Sonography is fundamentally pattern recognition under pressure. You're moving the probe to find the structure, optimizing the image, and recognizing pathology in real-time on a screen the size of a laptop. People who thrive have strong spatial reasoning, tolerate the physical strain of probe pressure (techs with 10+ year careers report shoulder and wrist issues), and like the patient interaction without the high-acuity stress of ICU work. People who burn out are usually those who underestimated the ergonomic toll or expected the work to feel less procedural and more clinical-decision-making (the diagnostic call ultimately rests with the radiologist or cardiologist, not the tech).

Repetitive-strain injury is the real career risk

The major occupational hazard is musculoskeletal injury — sonographers have RSI rates 10–20× higher than the general healthcare workforce. Roughly 80% of working sonographers report shoulder, neck, or wrist symptoms by year 5; 20–30% leave the field by year 10 due to injury. The good ergonomic equipment (proper bed height, neutral wrist positioning, regular rotation) helps but doesn't eliminate the issue. Choose your employer with this in mind: hospital systems with formal ergonomic programs and reasonable productivity expectations (8–10 scans/day) protect long-term careers. Mobile sonography contracts and high-volume outpatient imaging centers (15–20 scans/day) burn techs out fast.

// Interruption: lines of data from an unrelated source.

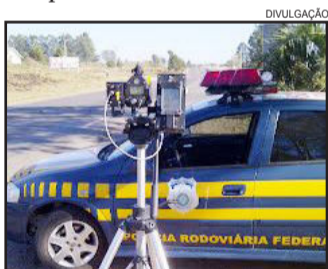
Em apenas 4 horas PRF flagrou mais de 600 condutores com o modelo anterior de radar fotográfico

O condutor que for flagrado acima da velocidade permitida para a via em até 20% está sujeito a uma infração média com multa de R$ 85,13 e 4 pontos no prontuário (CNH). Já o condutor que for pego dirigindo acima da velocidade entre 20% e 50% estará incorrendo em uma infração grave, sujeito a multa de R$ 127,69 e 5 pontos no prontuário do condutor. Já o motorista que desrespeitar a velocidade permitida para a via em mais de 50% e
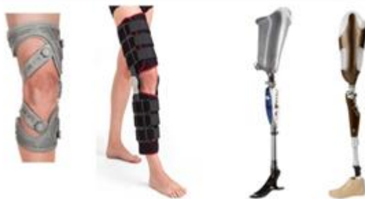
Figura 4: Orteză și proteză pentru membrele inferioare [10]

Persoanele cu dizabilități fizice au dificultăți în efectuarea unor tipuri de mișcări (deplasare, coordonare, precizie, postură); aceste persoane nu pot executa mișcări complexe, repetitive și cu amplitudine mare[5].
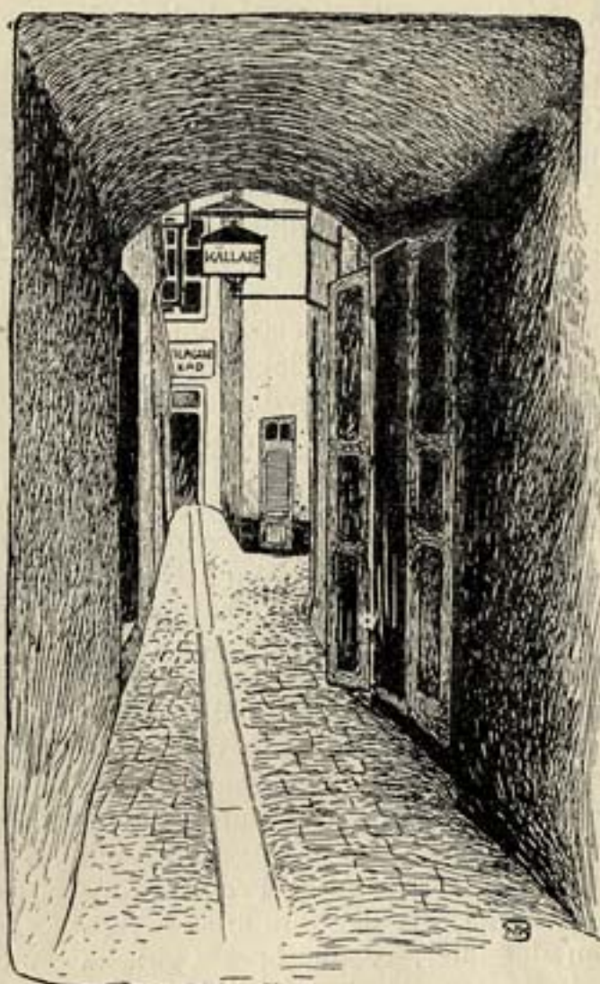
KROGEN, KÖPMANGATAN. INGÅNG.

I staden mellan broarne ha vi sett hur de med en viss »andakt» taga sitt glas i den rymliga lokalen (stor som en riktig balsal och med höga kyrkfönster uppe vid taket) som ligger där nere vid
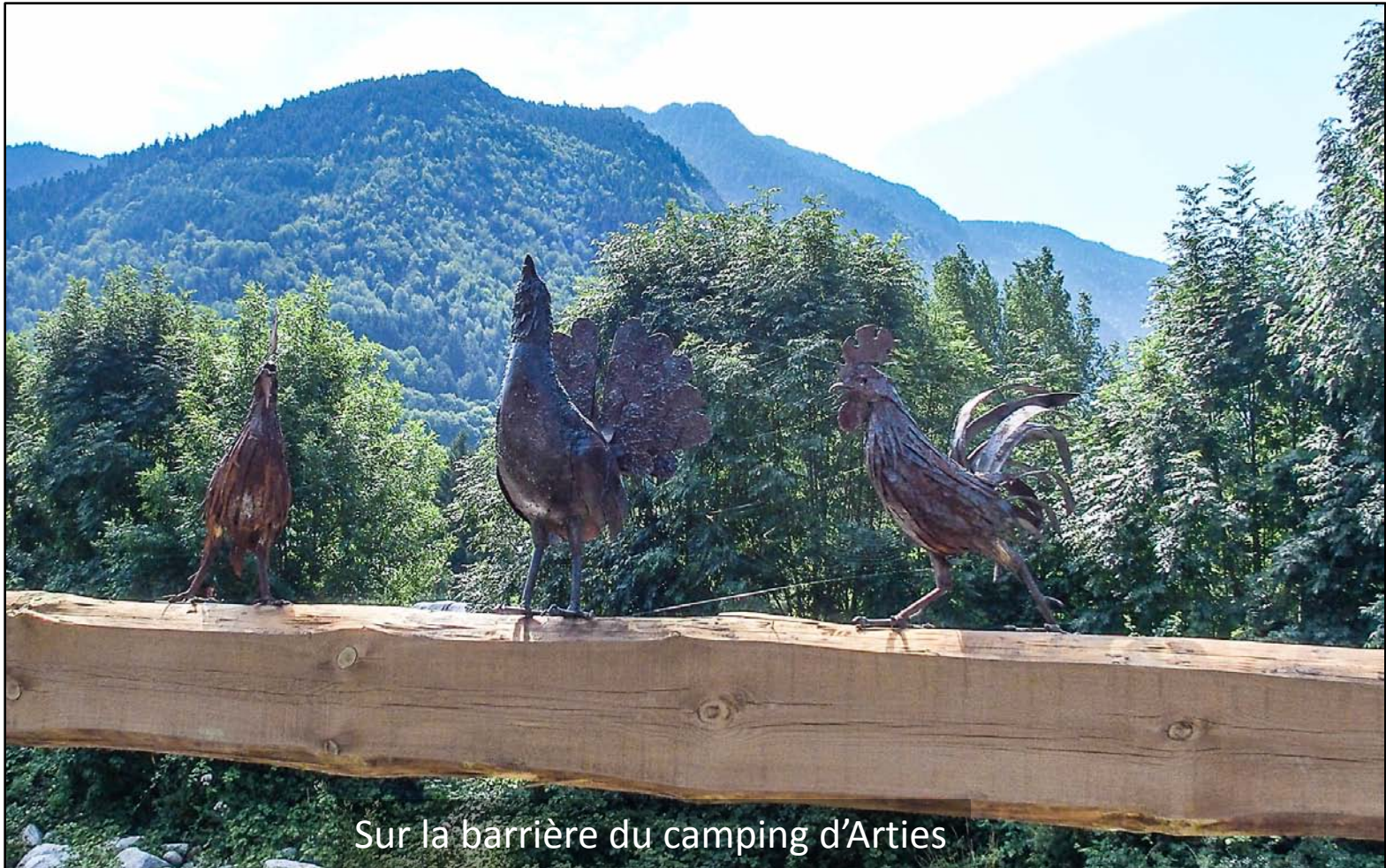
Sur la barrière du camping d'Arties

Jour 10 : Redescente tranquille sur Arties et installation au camping. A sept, à six puis à quatre, nous avons parcouru 170 km sans nous perdre. Les conditions ont été idéales. A Arties, certains s'arrêtent, d'autres continuent... Comme toujours, les étapes sont trop longues et les sacs trop lourds, mais peut-être aimons-nous ça !
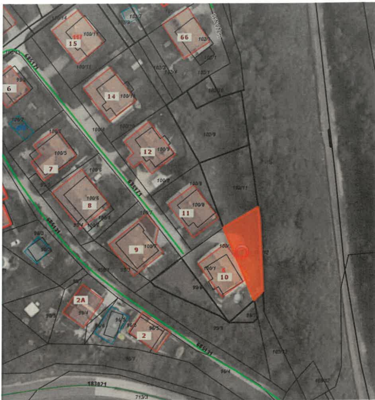
parc. št. 102/12 k.o. Spodnja Besnica
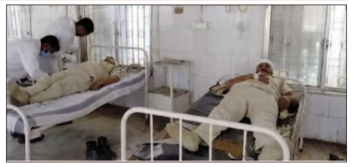
हिंसक झड़प में घायल पुलिसकर्मी।

Career outlook: 11% growth, the fastest of imaging

BLS projects 11% growth for diagnostic medical sonographers through 2033 — far above all-occupations average and faster than radiologic technologists. Aging-population imaging volume is the primary driver, plus the increasing role of point-of-care ultrasound in EDs and primary care. About 9,700 openings per year. The roles growing fastest: vascular, cardiac, MSK (musculoskeletal). General OB roles are growing slowest. New entrants who specialize in vascular or cardiac inside their first 3 years see the strongest pay trajectory.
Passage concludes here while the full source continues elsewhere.